The Princess went away to rest, but Betty was told to stay there and be dressed before she went to play with her Highness. The room was full of closets and chests and boxes and baskets, and as the doors opened and the covers flew off, Betty saw piles of pretty frocks, hats, cloaks, and all manner of dainty things for little girls to wear. Never had she dreamed of such splendid clothes, all lace and ribbons, silk and velvet. Hats with flowers and feathers, pretty pink and blue shoes with gold and silver buckles, silk stockings like cobwebs, and muslin and linen petticoats and nightgowns and little caps all embroidered as if by fairy fingers.

She could only stand and look like one in a dream while the maids very kindly took away her poor brown dress and hat, and after much gossip over what looked best, at last put on a rosy muslin frock, a straw hat with roses in it, and some neat shoes and stockings. Then when her hair was smoothed in thick brown curls, they told her to look in the tall mirror and tell what she saw there.

"Oh, what a pretty little girl!" cried Betty, smiling and nodding at the other child, who smiled and nodded back at her. She did not know herself, never having had any glass but a quiet pool in the wood or the brook in the meadow.

The maids laughed, and then she saw who it was, and laughed with them, and danced and courtesied and was very merry till a bell rang and she was ordered to go to her Highness.

It was a lovely room, all hung with blue silk and lace, with a silver bed, and chairs and couches of blue damask, pictures on the walls, flowers in all the windows, and golden cages full of birds. A white cat slept on its cushion, a tiny dog ran about with a golden collar hung with bells, and books and toys were heaped on the tables. The Princess was scolding her nurse because she wanted her to rest longer after the drive; but when Betty came in looking so pretty and gay, the frown changed to a smile, and she cried,—

"How nice you look! Not like a Brownie now; but I hope you have not forgotten about the birds."

"No," said Betty; "let me listen a minute and I'll tell you what they say."

So both were silent, and the maid and nurse kept as still as mice while the canary sang his shrill, sweet song, and Betty's face grew sad as she heard it.

"He says he is tired of his cage and longs to be free among the other birds; for a tree is a better home than a golden palace, and a crumb in the wood sweeter than all the sugar in his silver cup. 'Let me go! let me go! or my heart will break!' That is what he says, and the bulfinch sings the same song; so do the love birds and the beautiful gay one whom I don't know."

"What does Polly say? I understand him when he talks, but not when he scolds and chatters to himself as he is doing now," said the Princess, looking much surprised at what she heard; for she thought her birds must be happy in such fine cages.

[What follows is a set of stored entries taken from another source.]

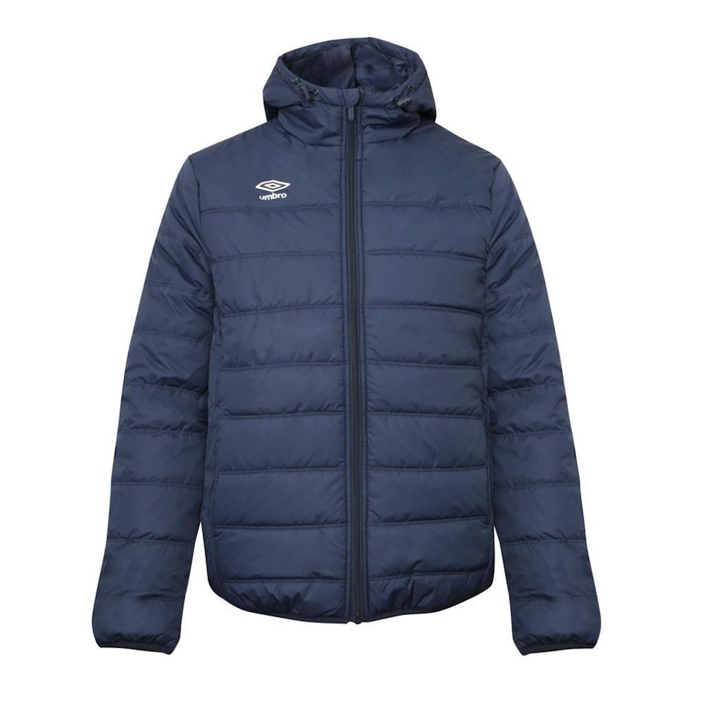 Doudoune pour homme de la marque Umbro ! Couleur : Marine Coupe altique Effet matelassé Capuche avec élastique de serrage Logo Umbro brodé Poche latérales boutonnées Composition : 100% polyester
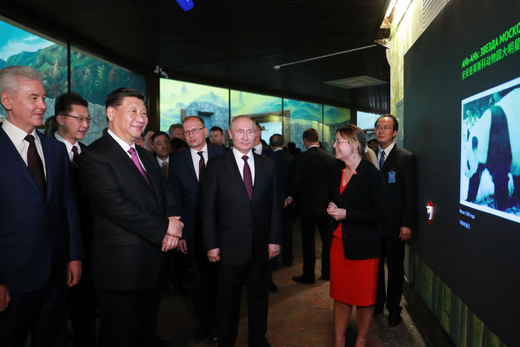 6月5日,國(guó)家主席習(xí)近平在莫斯科克里姆林宮同俄羅斯總統(tǒng)普京會(huì)談。這是會(huì)談后,兩國(guó)元首共同出席莫斯科動(dòng)物園熊貓館開館儀式。新華社記者丁林?jǐn)z
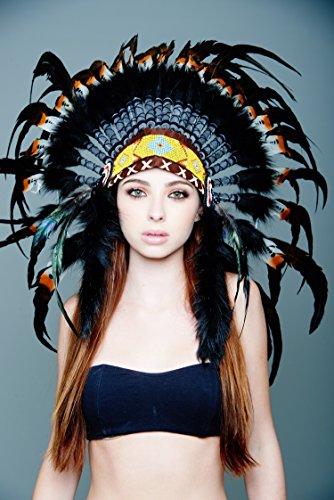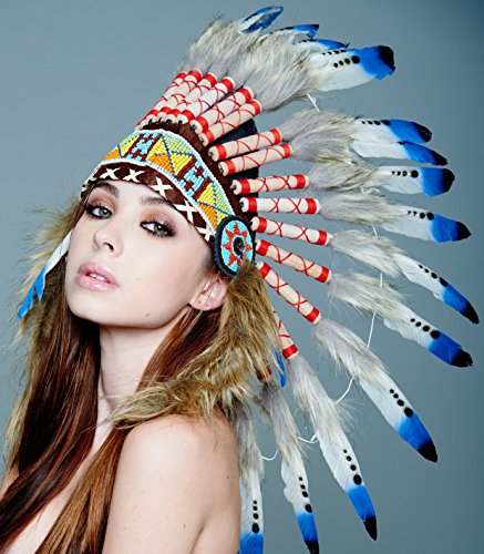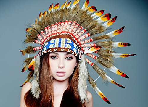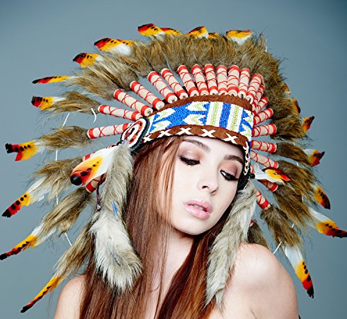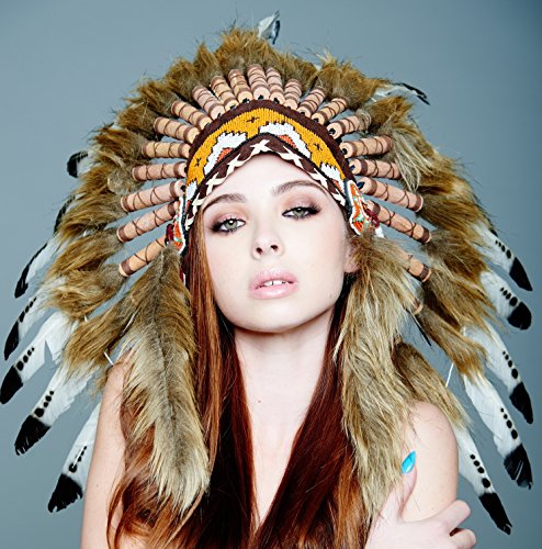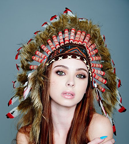 -. Brand : Kayso International Inc -. Feature : Hand Made in Indonesia By Balinese Artisans / Exquisite Native American Unisex adult Headdress is made by hand to an exceptional quality and weighs in at nearly 1 lb / Beads are threaded by hand into a forehand band and long faux fur tails are added before application to the completed headdress / The headdress is created around a real leather skull cap, one size fits most, so there is structure and breathability and long feathers plume from behind / Scrolls are hand-rolled and adorned with 3 real feathers and faux leather before application to the headdress -. MPN : SH010 -. PackageQuantity : 1 -. PartNumber : SH010 -. ProductGroup : Apparel -. ProductTypeName : CHILDRENS_COSTUME -. Size : One Size -. Title : Native American Indian Headdress Feathers Head Piece Warbonnet Short (Many Styles)
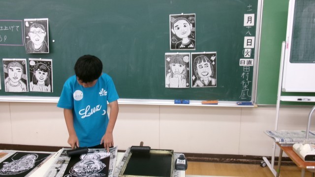 自分の顔の版画をすりました。よく特徴をとらえていて、誰がどの版画かすぐに分かりました。この力作を授業参観でご覧ください。
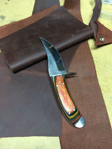 Una vaina de cuchillo, usted puede esperar que sea flaco y largo para la mayoría de cuchillos. Simplemente coloque su cuchillo elegido y ver qué piezas funcionan mejor. Asegúrese de dejar 3/4 de pulgada a cada lado de la cuchilla para dejar espacio para los remaches.
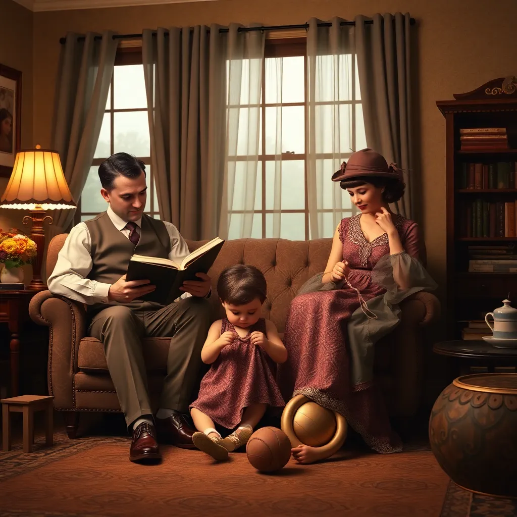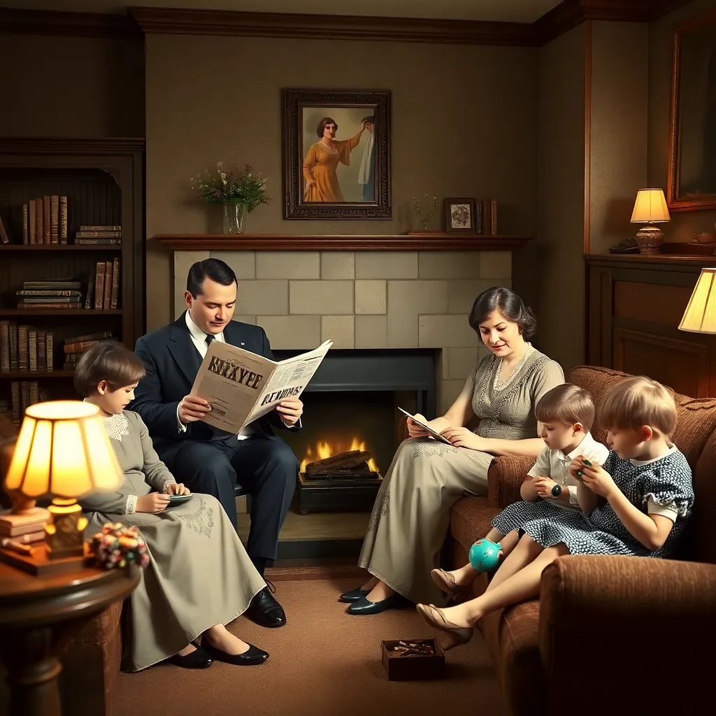 Bring to life a vintage family portrait from the 1920s. The scene should take place in a cozy living room with warm lighting, soft furnishings, and a crackling fireplace. The family should be dressed in their finest attire, with the father reading a newspaper, the mother sewing, and the children playing with toys.
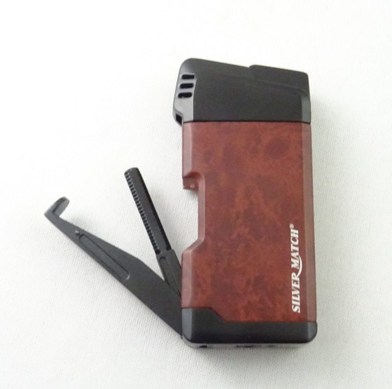 Briquet Silverf Macth spécial pour la pipe avec la flamme sur le côté et les accessoires, bourre pipe et cure pipe.
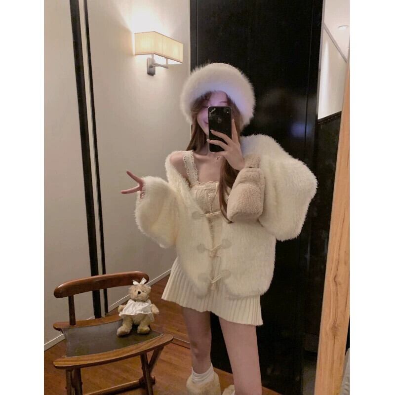 穏やかな風模造ミンクカーディガンセーター女性春 2024 新スタイル怠惰なソフトワックス状の緩い多目的セータージャケット スプリング 春物 0921928616750747
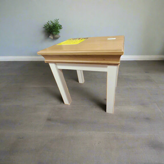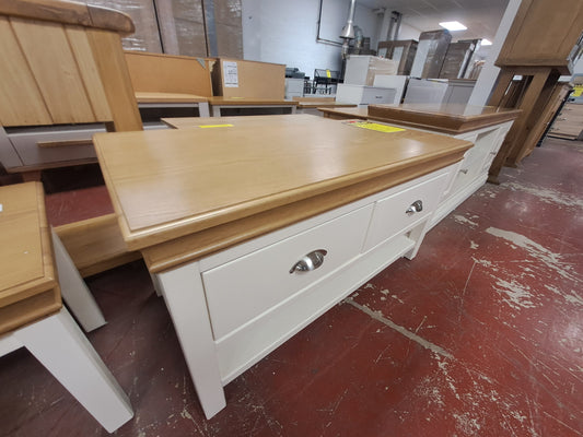 Ivory TV stand, oak top. 2 doors, large open media centre
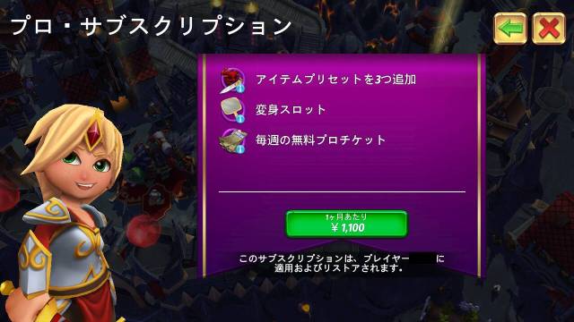 購入する事で1ヶ月間、特典が得られるパック。要は月額課金
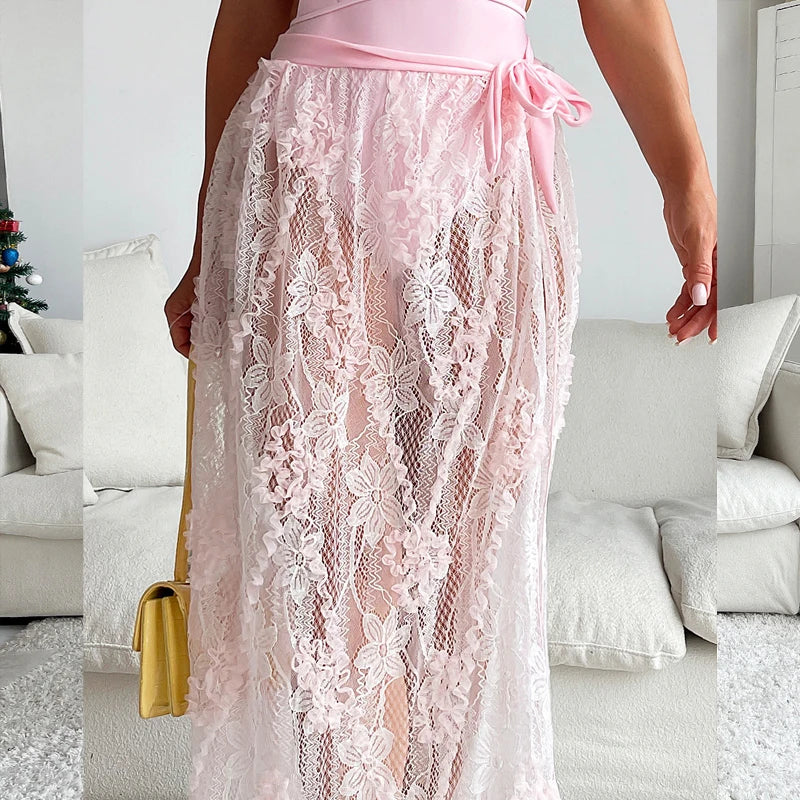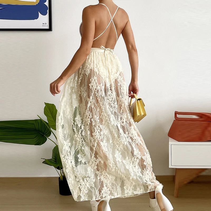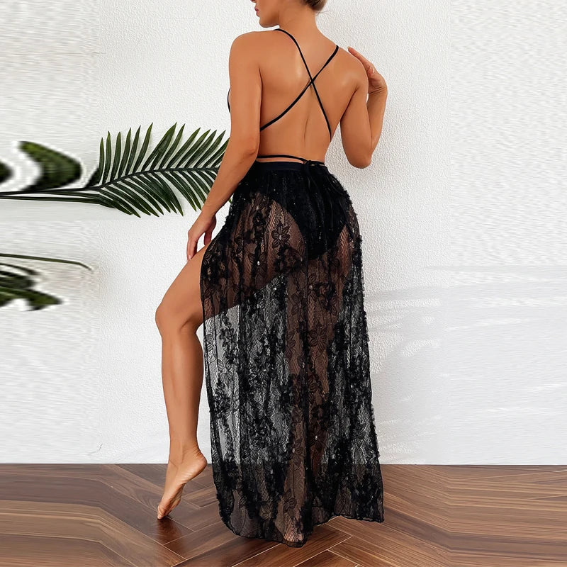 Women Deep V Neck Backless Bandage Cross One Piece Swimsuit Lady Beach Swim Sexy Lace Transparent Skirts & Bodysuit Bikini Set

Betty listened to the great red and green and blue parrot, who sat on a perch wagging his head and chuckling to himself as if he were enjoying some good joke. Presently Betty blushed and laughed, and looked both troubled and amused at what she heard; for the bird was gabbling away and nodding his head at her in a very funny manner.

"What does he say?" asked the Princess, impatiently.

"Please don't ask. You will not like it. I couldn't tell," said Betty, still laughing and blushing.

"You must tell, or I'll have Polly's neck wrung. I will know every word, and I won't be angry with you, no matter what that saucy bird says," commanded the Princess.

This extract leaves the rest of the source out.